I hope that within this four-year term of government there is capacity within the state budget to properly fund not only fantastic hardworking organisations like the Epilepsy Centre to meet their small need but of course all organisations that are in the preventative health space and support those people with disabilities and the like. That is my commitment to my electorate and that is my commitment to the parliament.

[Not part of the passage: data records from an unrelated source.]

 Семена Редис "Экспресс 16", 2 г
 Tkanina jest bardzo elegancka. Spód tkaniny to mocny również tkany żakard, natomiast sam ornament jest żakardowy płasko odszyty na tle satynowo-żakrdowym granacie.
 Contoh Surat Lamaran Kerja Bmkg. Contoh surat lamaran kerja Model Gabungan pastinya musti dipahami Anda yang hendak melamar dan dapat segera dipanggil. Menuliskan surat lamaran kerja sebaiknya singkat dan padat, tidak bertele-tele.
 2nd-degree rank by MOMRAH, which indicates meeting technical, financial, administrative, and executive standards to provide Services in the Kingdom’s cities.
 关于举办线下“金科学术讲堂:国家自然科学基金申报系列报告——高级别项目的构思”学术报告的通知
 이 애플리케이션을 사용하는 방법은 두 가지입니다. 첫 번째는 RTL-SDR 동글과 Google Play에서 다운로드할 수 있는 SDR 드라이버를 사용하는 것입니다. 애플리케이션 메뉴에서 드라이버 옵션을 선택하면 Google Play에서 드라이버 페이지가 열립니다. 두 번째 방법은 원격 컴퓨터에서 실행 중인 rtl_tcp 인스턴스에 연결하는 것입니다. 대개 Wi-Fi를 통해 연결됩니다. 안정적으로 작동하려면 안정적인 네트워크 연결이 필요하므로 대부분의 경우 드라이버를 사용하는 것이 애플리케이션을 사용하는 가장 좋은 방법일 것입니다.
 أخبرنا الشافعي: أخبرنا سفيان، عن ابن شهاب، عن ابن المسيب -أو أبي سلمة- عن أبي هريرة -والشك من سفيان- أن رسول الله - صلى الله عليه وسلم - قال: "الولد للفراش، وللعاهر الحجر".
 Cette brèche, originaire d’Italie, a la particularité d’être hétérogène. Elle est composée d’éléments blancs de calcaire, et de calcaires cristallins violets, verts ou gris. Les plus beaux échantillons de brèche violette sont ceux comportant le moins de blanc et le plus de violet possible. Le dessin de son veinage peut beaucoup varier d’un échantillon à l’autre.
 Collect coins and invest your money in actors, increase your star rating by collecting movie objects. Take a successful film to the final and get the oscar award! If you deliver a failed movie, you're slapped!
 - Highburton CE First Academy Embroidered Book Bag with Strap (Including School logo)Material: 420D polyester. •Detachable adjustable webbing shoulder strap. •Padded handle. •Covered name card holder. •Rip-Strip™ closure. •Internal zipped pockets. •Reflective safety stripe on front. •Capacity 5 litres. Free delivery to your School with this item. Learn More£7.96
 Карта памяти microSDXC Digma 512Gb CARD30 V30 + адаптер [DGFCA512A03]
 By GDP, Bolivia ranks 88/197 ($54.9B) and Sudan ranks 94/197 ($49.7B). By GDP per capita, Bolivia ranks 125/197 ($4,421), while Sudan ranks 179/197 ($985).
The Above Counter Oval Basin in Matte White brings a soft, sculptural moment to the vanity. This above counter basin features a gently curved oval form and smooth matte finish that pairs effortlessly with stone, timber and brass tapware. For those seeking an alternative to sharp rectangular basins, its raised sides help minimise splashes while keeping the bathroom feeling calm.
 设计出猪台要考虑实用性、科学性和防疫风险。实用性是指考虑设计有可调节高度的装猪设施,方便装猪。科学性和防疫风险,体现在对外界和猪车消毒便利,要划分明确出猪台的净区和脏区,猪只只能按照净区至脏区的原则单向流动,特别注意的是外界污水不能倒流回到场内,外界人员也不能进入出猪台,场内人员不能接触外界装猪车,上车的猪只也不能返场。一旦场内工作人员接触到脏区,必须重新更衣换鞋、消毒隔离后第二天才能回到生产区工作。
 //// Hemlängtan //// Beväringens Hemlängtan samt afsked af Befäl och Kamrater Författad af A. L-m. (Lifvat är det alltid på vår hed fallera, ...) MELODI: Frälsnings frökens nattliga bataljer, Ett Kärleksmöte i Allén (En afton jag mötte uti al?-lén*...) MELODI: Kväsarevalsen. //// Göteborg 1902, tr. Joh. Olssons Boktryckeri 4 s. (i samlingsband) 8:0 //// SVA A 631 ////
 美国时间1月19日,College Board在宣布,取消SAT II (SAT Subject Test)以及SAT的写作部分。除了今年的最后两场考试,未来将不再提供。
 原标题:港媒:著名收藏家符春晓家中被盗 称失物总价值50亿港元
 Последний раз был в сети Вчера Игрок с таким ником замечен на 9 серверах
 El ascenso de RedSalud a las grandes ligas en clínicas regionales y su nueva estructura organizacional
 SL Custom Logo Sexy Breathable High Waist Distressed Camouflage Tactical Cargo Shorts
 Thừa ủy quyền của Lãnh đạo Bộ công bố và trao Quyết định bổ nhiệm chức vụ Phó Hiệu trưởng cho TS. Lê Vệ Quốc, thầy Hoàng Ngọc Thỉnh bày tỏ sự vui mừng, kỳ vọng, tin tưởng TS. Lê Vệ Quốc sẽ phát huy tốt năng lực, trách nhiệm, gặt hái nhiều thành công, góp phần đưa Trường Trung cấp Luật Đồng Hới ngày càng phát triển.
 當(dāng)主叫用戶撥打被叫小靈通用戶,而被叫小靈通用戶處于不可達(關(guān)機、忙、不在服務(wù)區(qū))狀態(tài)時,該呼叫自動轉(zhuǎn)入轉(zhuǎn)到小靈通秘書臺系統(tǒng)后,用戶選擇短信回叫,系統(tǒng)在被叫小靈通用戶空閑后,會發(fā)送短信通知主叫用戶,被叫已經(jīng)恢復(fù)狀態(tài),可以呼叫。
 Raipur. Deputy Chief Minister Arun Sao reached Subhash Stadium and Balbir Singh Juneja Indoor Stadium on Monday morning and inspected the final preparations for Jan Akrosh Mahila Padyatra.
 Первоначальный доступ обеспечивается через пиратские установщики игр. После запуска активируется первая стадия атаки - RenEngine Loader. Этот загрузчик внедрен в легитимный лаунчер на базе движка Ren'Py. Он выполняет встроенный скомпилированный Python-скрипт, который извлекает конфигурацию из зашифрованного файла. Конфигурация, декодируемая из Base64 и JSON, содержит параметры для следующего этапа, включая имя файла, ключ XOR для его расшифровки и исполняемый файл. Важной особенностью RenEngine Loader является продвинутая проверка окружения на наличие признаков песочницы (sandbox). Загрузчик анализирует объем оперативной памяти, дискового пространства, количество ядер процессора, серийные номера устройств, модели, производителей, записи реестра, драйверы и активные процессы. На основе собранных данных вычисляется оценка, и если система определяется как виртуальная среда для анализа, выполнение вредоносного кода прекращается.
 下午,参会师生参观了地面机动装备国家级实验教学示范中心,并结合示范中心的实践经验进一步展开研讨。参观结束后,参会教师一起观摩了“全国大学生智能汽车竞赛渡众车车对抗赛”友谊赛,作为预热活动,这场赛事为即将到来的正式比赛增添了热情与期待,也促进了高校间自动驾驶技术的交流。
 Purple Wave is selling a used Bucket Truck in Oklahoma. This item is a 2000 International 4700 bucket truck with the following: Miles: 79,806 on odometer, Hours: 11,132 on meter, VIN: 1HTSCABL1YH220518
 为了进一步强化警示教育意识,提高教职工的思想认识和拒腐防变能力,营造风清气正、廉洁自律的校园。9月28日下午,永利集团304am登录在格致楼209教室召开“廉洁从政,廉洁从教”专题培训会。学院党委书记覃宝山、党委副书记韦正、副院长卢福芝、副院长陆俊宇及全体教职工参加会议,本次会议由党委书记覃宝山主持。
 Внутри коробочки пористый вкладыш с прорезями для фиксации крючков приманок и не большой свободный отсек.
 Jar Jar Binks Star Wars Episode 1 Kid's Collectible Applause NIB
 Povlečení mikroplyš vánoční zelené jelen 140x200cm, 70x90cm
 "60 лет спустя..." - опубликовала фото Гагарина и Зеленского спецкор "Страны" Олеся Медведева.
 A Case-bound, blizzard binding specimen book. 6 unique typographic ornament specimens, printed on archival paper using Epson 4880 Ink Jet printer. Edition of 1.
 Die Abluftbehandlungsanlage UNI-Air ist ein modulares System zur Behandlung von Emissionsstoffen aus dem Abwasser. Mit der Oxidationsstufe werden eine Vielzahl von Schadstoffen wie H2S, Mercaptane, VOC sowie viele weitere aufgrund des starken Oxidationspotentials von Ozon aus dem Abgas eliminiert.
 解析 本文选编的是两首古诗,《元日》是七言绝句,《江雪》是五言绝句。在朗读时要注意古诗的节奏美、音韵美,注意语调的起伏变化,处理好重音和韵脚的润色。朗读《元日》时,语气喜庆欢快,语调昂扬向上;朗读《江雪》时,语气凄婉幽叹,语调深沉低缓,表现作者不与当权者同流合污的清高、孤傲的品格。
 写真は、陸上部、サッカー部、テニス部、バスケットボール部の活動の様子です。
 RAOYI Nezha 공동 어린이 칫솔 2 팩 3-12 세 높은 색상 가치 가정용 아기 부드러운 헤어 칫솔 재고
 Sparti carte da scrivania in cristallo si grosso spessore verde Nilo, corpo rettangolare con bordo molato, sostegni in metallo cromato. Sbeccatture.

It is something that, as a member of government from the benches, I will continue to lobby for on behalf the 61,000 South Australians who have this chronic condition. It is hardworking South Australians, such as those living with epilepsy, especially chronic epilepsy, who desperately need help—hardworking South Australians, such as Vikki and Glen in my electorate, whose son Archie suffers from severe epilepsy.

The Marshall government is committed to investing in prevention and working through balanced health service funding, in particular targeting support to those who are at greatest risk. Targeted prevention initiatives, such as investing in registered nurses to work with people in the community diagnosed with epilepsy, can avoid or delay the onset of illness and disability, stop the deterioration of the condition and reduce risk. I want the government to work constructively with the Epilepsy Centre to optimise health services around the thousands of South Australians living with epilepsy so that they can access much needed help and support.